Piombino (dpa) - Zwei Tage nach dem tragischen Tod des Belgiers Wouter Weylandt hat beim Giro d'Italia wieder das Rennen um Etappensiege und das Rosa Trikot begonnen. Dass Weylandts Teamkollegen nun doch nicht mehr dabei sind, kann der Giro-Chef aber nicht recht verstehen.

Mit dem Blick zur Insel Elba, Napoleons einstiger Verbannungsstätte, ist der Giro d'Italia wieder in gewohntes Fahrwasser zurückgekehrt. Die Werbekarawane wurde von der Leine gelassen, die Hits von gestern, vorgestern und vorvorgestern durchpusteten die Ohren, und die Radprofis hatten wieder einen kämpferischen Gesichtsausdruck. «Das Leben geht weiter.

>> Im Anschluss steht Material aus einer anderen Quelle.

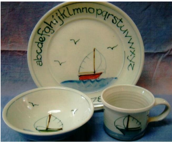
Kid Set (also came in trains, dinosaurs, and teddy bears)
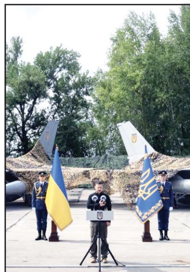
Ukraine's President Volodymyr Zelenskyy talks on the occasion of the Air Forces Day standing against the background of Ukraine's Air Force's F-16 fighter jets in an undisclosed location in Ukraine on Aug 4. The F-16 fighter jets that have been delivered to Ukraine by Western countries will be flying sorties in Ukrainian skies and helping the country's current fleet of Soviet-era jets to counter Russia's invasion. (AP)

A tornado watch also was in effect for parts of Florida and Georgia on Monday. (AP)
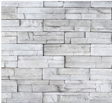
Glacier Stacked Stone

Wir müssen uns auf den Kurs konzentrieren», sagte der Italiener Michele Scarponi vor dem Start zur 5. Etappe, bei der das Leopard-Team am Startort Piombino fehlte.

Die Fahrer um den zweimaligen deutschen Meister Fabian Wegmann aus Freiburg hatten sich entschieden, nach dem Unfalltod ihres belgischen Teamkollegen Wouter Weylandt den Giro zu verlassen. Auch Weylandts amerikanischer Trainingsgefährte, Freund und Nachbar in Gent, Tyler Farrar vom Team Garmin, packte trotz hervorragender Aussichten auf Sprintsiege die Koffer.

«Wir haben großen Respekt für den Giro und dessen Geschichte, aber wir schaffen es einfach nicht, unter diesen Umständen zu fahren. Wir wissen, dass wir Profis sind, aber wir glauben auch, dass das die richtige Entscheidung ist», begründete Wegmann den Ausstieg, der Respekt verdient. Giro-Direktor Angelo Zomegnan äußerte Verständnis für diese Entscheidung, konnte sie aber nicht ganz nachvollziehen.

«Das Rennen hätte die Gelegenheit geboten, wieder zu neuer Zuversicht zu gelangen. Jetzt haben die Fahrer die Rückkehr zum normalen Leben nur einige Tage aufgeschoben. Dann wird es sicher schwerer für sie. Ich hoffe, dass das Team sie psychologisch unterstützt», sagte er der Nachrichtenagentur dpa.

Die vergangenen zwei Tage bezeichnete Zomegnan als die Stunde der Wiedergeburt des Radsports. «Dieses tragische Ereignis hat uns alle, Organisatoren und Fahrer, näher zusammengebracht. Wir haben alle eine neue Stärke gefunden», meinte der Ex-Journalist. Auf Kritik einzelner Fahrer an den zunehmenden Risiken durch die spektakuläre Streckenführung über Schotterpisten und schmale Serpentinen wollte er trotz der neuen Nähe nicht eingehen.

«Wir denken über Sicherheit nicht erst nach einem tödlichen Unfall nach. Die Fahrer sind der Kern dieser Rundfahrt. Wir schützen sie deshalb sehr gut. Der Giro hat ständig zwei Krankenwagen und insgesamt 21 Ärzte im Einsatz. Wir sind ständig mit dem Notdienst verbunden», erklärte er weiter.